■ EXERCISE REQUIREMENTS ■
The response should consist of the data below, copied exactly, with no pictures in it.

■ SUPPLIED MATERIAL ■
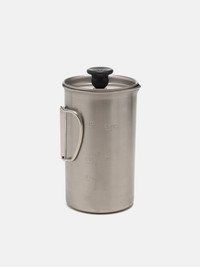 Crafted in Japan from titanium using a historic manufacturing process, this French Press elevates coffee whether at home or outdoors. Its single-wall titanium body can be placed directly over a heat source to boil water, simplifying brewing. Lightweight, durable, and corrosion-resistant, it combines practicality with refined craftsmanship. Perfect for coffee enthusiasts seeking a minimalist, versatile solution. DETAILS - CS-111 - Pot & Lid: Titanium - Press: Stainless Steel - Knob: Plastic - Foldable handle - 24 fl oz capacity - 6.3 (200g) oz weight - Mesh bag included - Made in Japan
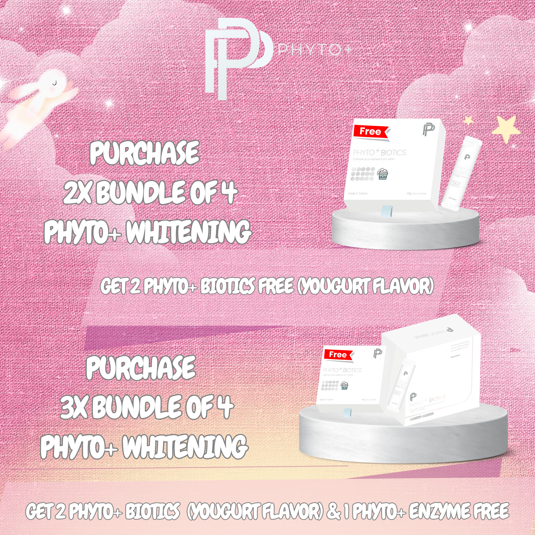 PHYTO+ Whitening Drink is a premium daily supplement formulated with patented U.S. technology and proudly manufactured in Taiwan. Designed to improve overall skin quality, each sachet is enriched with key nutrients including PhytoflORAL®, Glutathione, L-Cystine, and Rosa Roxburghii Tratt—ingredients known for their skin-brightening and radiance-boosting properties. For optimal results, consume two sachets daily—one in the morning and one before bedtime. This regimen helps enhance biomolecular activity, minimize collagen degradation, and promote skin smoothness and elasticity. Achieve a luminous, flawless complexion with PHYTO+ Whitening Drink.
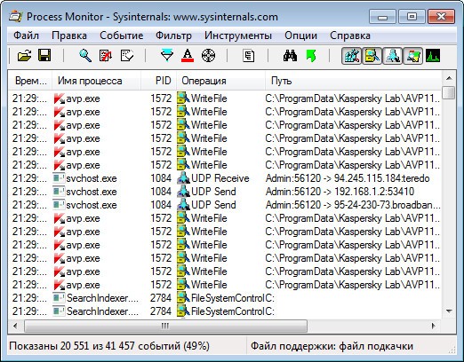 По сути, Process Monitor обьединяет в себе возможности популярных утилит этого же автора: Filemon (мониторинг файловой системы), Regmon (мониторинг реестра) и Process Explorer (мониторинг процессов)...
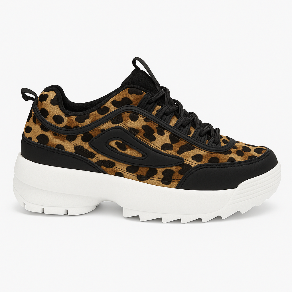 Varebeskrivelse: Chunky damesneaker med et moderne leopardmønster i brune og sorte nuancer kombineret med sorte detaljer og en kraftig hvid sål. Skoen har en sporty og trendy silhuet, der giver maksimal komfort og et markant look. Perfekt til hverdagsbr

■ PROBLEM SOLUTION ■
 Crafted in Japan from titanium using a historic manufacturing process, this French Press elevates coffee whether at home or outdoors. Its single-wall titanium body can be placed directly over a heat source to boil water, simplifying brewing. Lightweight, durable, and corrosion-resistant, it combines practicality with refined craftsmanship. Perfect for coffee enthusiasts seeking a minimalist, versatile solution. DETAILS - CS-111 - Pot & Lid: Titanium - Press: Stainless Steel - Knob: Plastic - Foldable handle - 24 fl oz capacity - 6.3 (200g) oz weight - Mesh bag included - Made in Japan
 PHYTO+ Whitening Drink is a premium daily supplement formulated with patented U.S. technology and proudly manufactured in Taiwan. Designed to improve overall skin quality, each sachet is enriched with key nutrients including PhytoflORAL®, Glutathione, L-Cystine, and Rosa Roxburghii Tratt—ingredients known for their skin-brightening and radiance-boosting properties. For optimal results, consume two sachets daily—one in the morning and one before bedtime. This regimen helps enhance biomolecular activity, minimize collagen degradation, and promote skin smoothness and elasticity. Achieve a luminous, flawless complexion with PHYTO+ Whitening Drink.
 По сути, Process Monitor обьединяет в себе возможности популярных утилит этого же автора: Filemon (мониторинг файловой системы), Regmon (мониторинг реестра) и Process Explorer (мониторинг процессов)...
 Varebeskrivelse: Chunky damesneaker med et moderne leopardmønster i brune og sorte nuancer kombineret med sorte detaljer og en kraftig hvid sål. Skoen har en sporty og trendy silhuet, der giver maksimal komfort og et markant look. Perfekt til hverdagsbr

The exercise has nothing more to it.